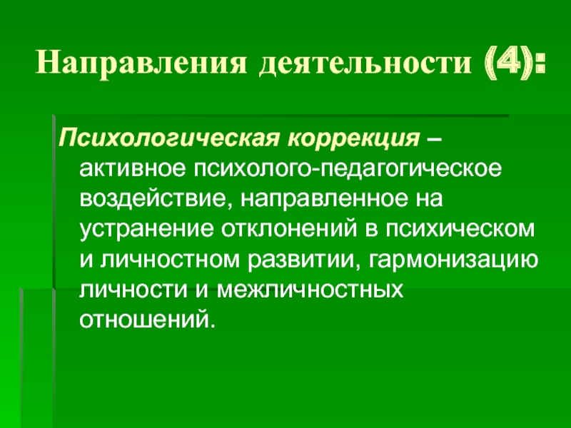 Психологическая коррекция – активное психолого-педагогическое воздействие, направленное на устранение
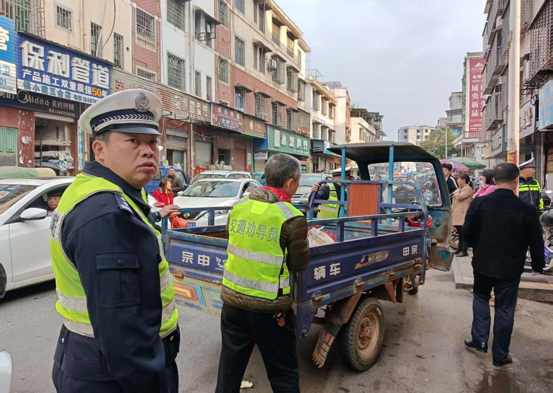 桂阳县樟市干部职工联合樟市交警四中队在樟市圩疏导交通、帮助群众把路边抛锚的三轮车推到指定停车位置
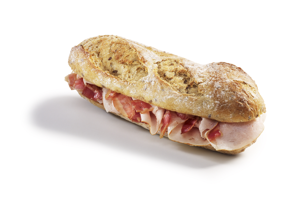 Rustikt brød fylt med sprøstekt bacon, kalkun og en pikant dijonese-saus. Høyt innhold av frø og korn gir et saftig og holdbart bakverk med mye smak.
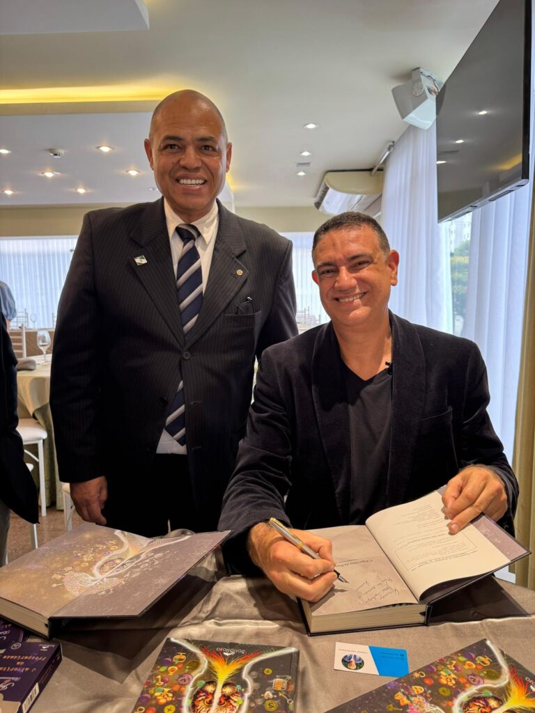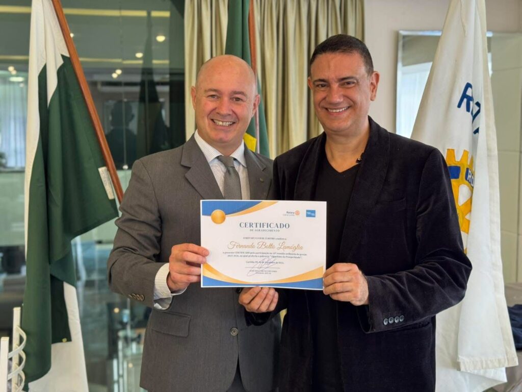 A Mesa Diretiva foi composta pelo presidente do ano rotário 1991-1992, advogado Werner Egon Schrappe (ex presidente da Associação Comercial do Paraná – ACP), pelo palestrante e psicólogo Fernando Botto Lamóglia, psicólogo e advogado, com mestrado e doutorado em Educação, que ministrou sobre o tema e autografou seu novo livro – O Algoritmo da Prosperidade – que revela, com precisão e sensibilidade, os 10 pilares essenciais para conquistar uma vida de plenitude, realização e abundância — em todas as áreas; a obra integra neurociência, alma e experiência prática, traduzindo conceitos complexos em estratégias aplicáveis à sua vida real.
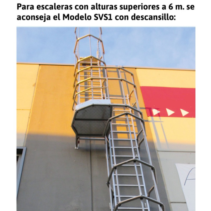 La SVS.2 es una escalera vertical de seguridad con jaula de protección y barandilla para desembarcar en total seguridad. Tanto la escalera como la jaula están fabricados en aluminio en cuanto no se oxida con el agua. Se suministra completa de cierre inferior de seguridad que evita el acceso a personal no autorizado, soportes con pletinas que sirven para la fijación a pared y barandilla de seguridad de 112 cm de altura que sobresale para desembarcar desde la escalera al techo de la nave en total seguridad. La escalera vertical con jaula modelo SVS.2 se fabrica según la altura de pared facilitada por el cliente y opcionalmente se puede pedir con la jaula de protección lacada de cualquier color. Como opcional se puede pedir con el primer tramo de escalera desmontable. Este producto cumple con la normativa europea EN 14122-4 y se entrega junto con el certificado de conformidad, la carga máxima que aguanta es de 150 kg.
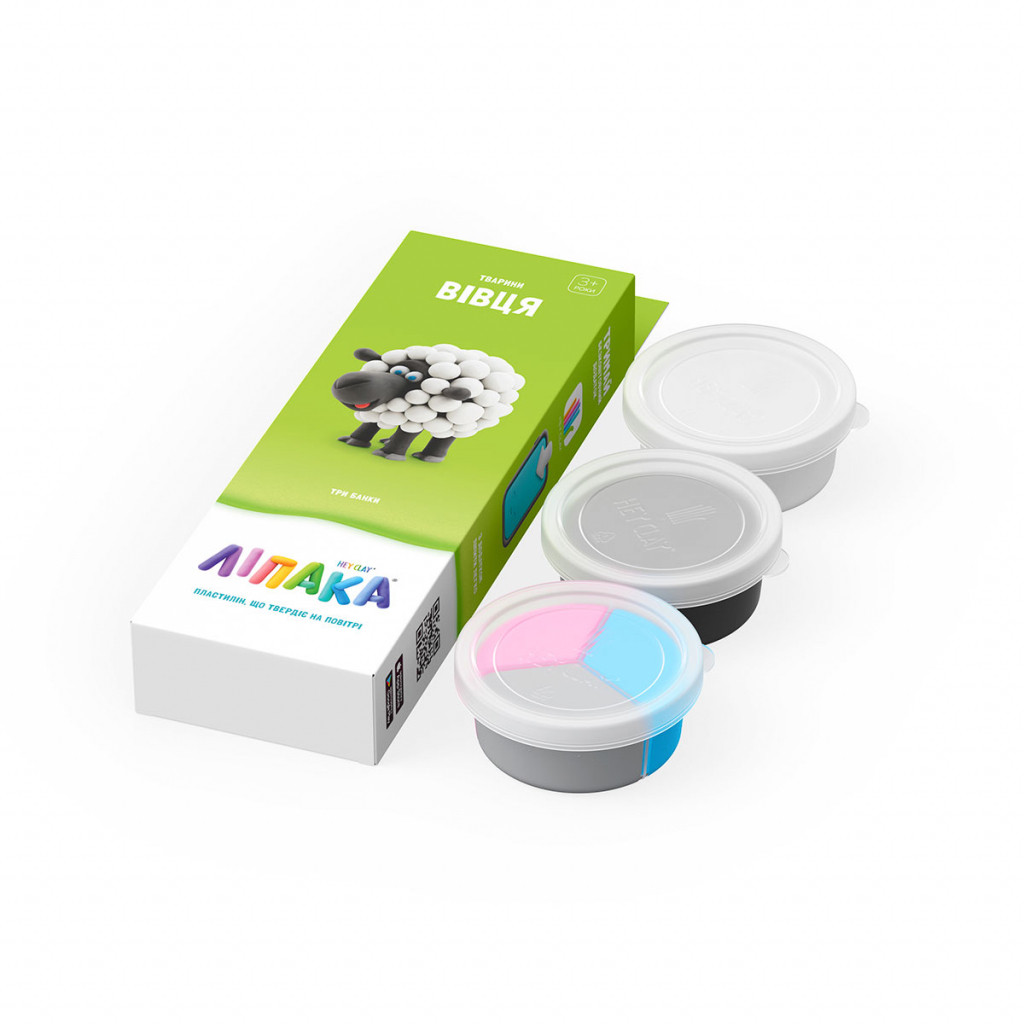 Набір пластиліну, що самостійно твердіє, ЛІПАКА – ВІВЦЯ – розважить і малюків і дорослих. За допомогою анімаційних інструкцій в додатку HEY CLAY, Ви зможете зліпити кумедну вівцю. А завдяки компактним розмірам, набір зручно брати з собою. Пластилін твердіє на повітрі протягом 24 годин, після чого можна гратися створеними фігурками.
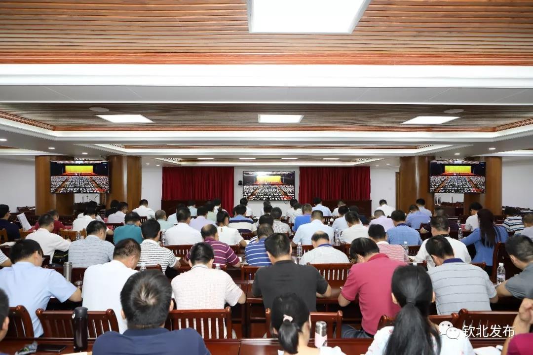 会议以电视电话会议形式召开,钦北区设分会场。钦北区委书记谢立品,区长黄治华,区人大常委会主任利东荣,区政协主席黄祥剑等区四家班子领导在钦北分会场参加。
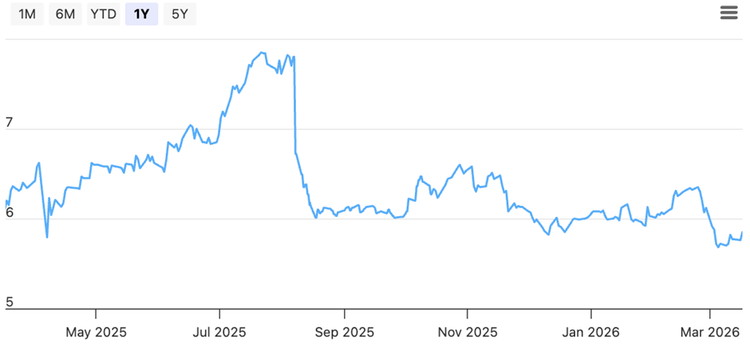 基于2026年3月13日约0.665新元的股价,这意味着过去12个月的股息收益率约为6.0%。
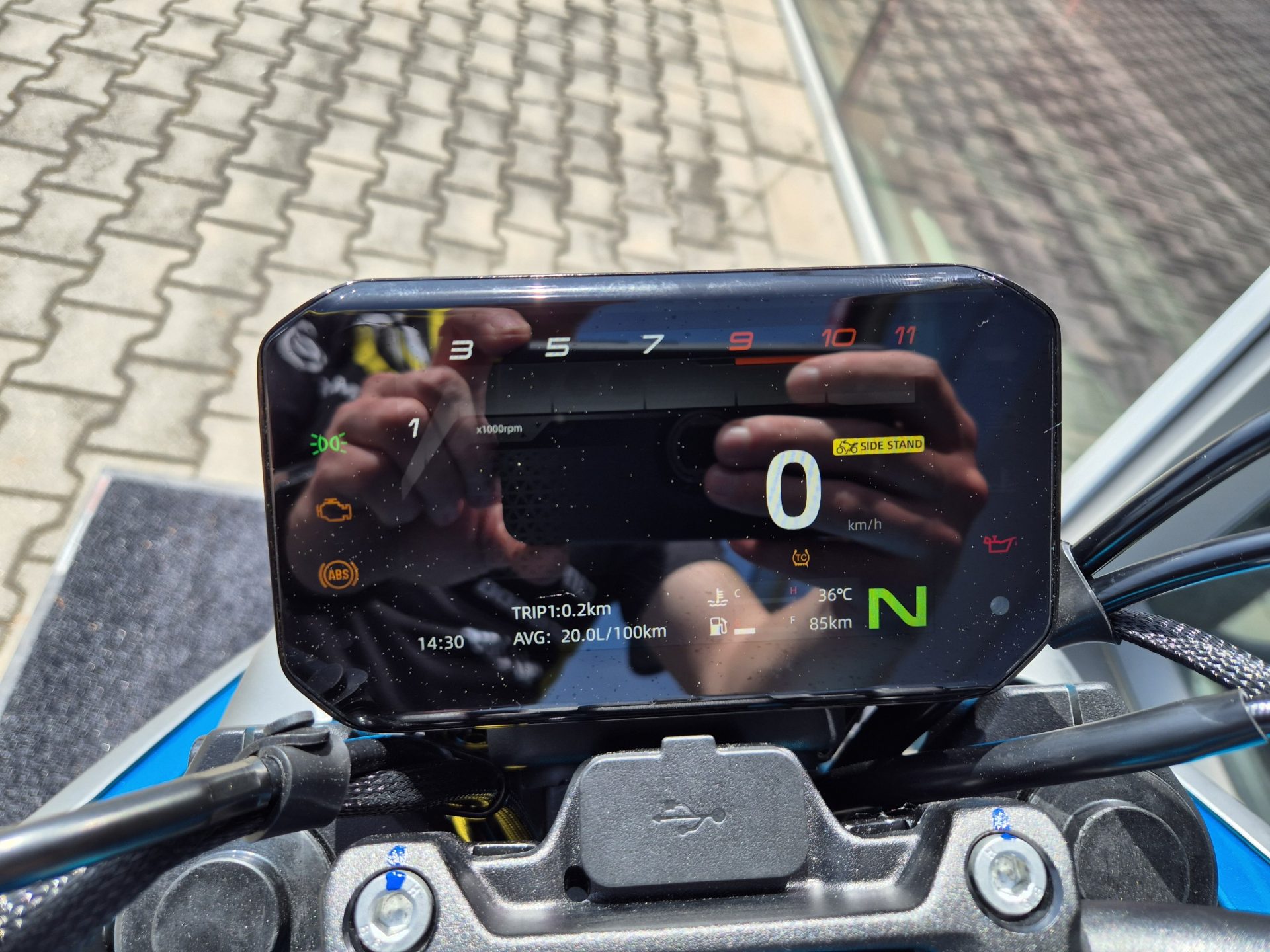 125NK je standardně vybaveno komunikační jednotkou T-Box, která zajišťuje přenos dat z motocyklu do mobilní aplikace CFMOTO Ride. Díky tomu máte k dispozici informaci o poloze a stavu motocyklu. V aplikaci také naleznete záznam vašich jízd s promítnutím na mapě a detailní údaje každé jízdy (vzdálenost, dobu jízdy, průměrnou rychlost, maximální rychlost a další).
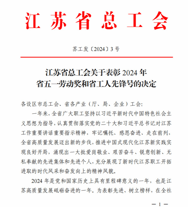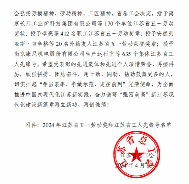 4月23日,江苏省总工会印发《江苏省总工会关于表彰2024年省五一劳动奖和省工人先锋号的决定》,伟德国际victor1946烹饪与营养学院荣获“2024 年江苏省工人先锋号”荣誉称号。
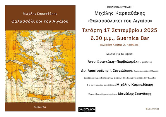 Οι Εκδόσεις Ραδάμανθυς παρουσιάζουν στο Ηράκλειο το βιβλίο του καπετάν Μιχάλη Καρπαθάκη, με τίτλο «Θαλασσόλυκοι του Αιγαίου». Η εκδήλωση θα γίνει την

....................

- _Task statement_
The lines running from the beginning of the listing above through the line that holds "A Mesa Diretiva" are to be duplicated exactly, both ends kept, pictures omitted.

- _Exercise answer_
 Психологическая коррекция – активное психолого-педагогическое воздействие, направленное на устранение
 桂阳县樟市干部职工联合樟市交警四中队在樟市圩疏导交通、帮助群众把路边抛锚的三轮车推到指定停车位置
 Rustikt brød fylt med sprøstekt bacon, kalkun og en pikant dijonese-saus. Høyt innhold av frø og korn gir et saftig og holdbart bakverk med mye smak.
 A Mesa Diretiva foi composta pelo presidente do ano rotário 1991-1992, advogado Werner Egon Schrappe (ex presidente da Associação Comercial do Paraná – ACP), pelo palestrante e psicólogo Fernando Botto Lamóglia, psicólogo e advogado, com mestrado e doutorado em Educação, que ministrou sobre o tema e autografou seu novo livro – O Algoritmo da Prosperidade – que revela, com precisão e sensibilidade, os 10 pilares essenciais para conquistar uma vida de plenitude, realização e abundância — em todas as áreas; a obra integra neurociência, alma e experiência prática, traduzindo conceitos complexos em estratégias aplicáveis à sua vida real.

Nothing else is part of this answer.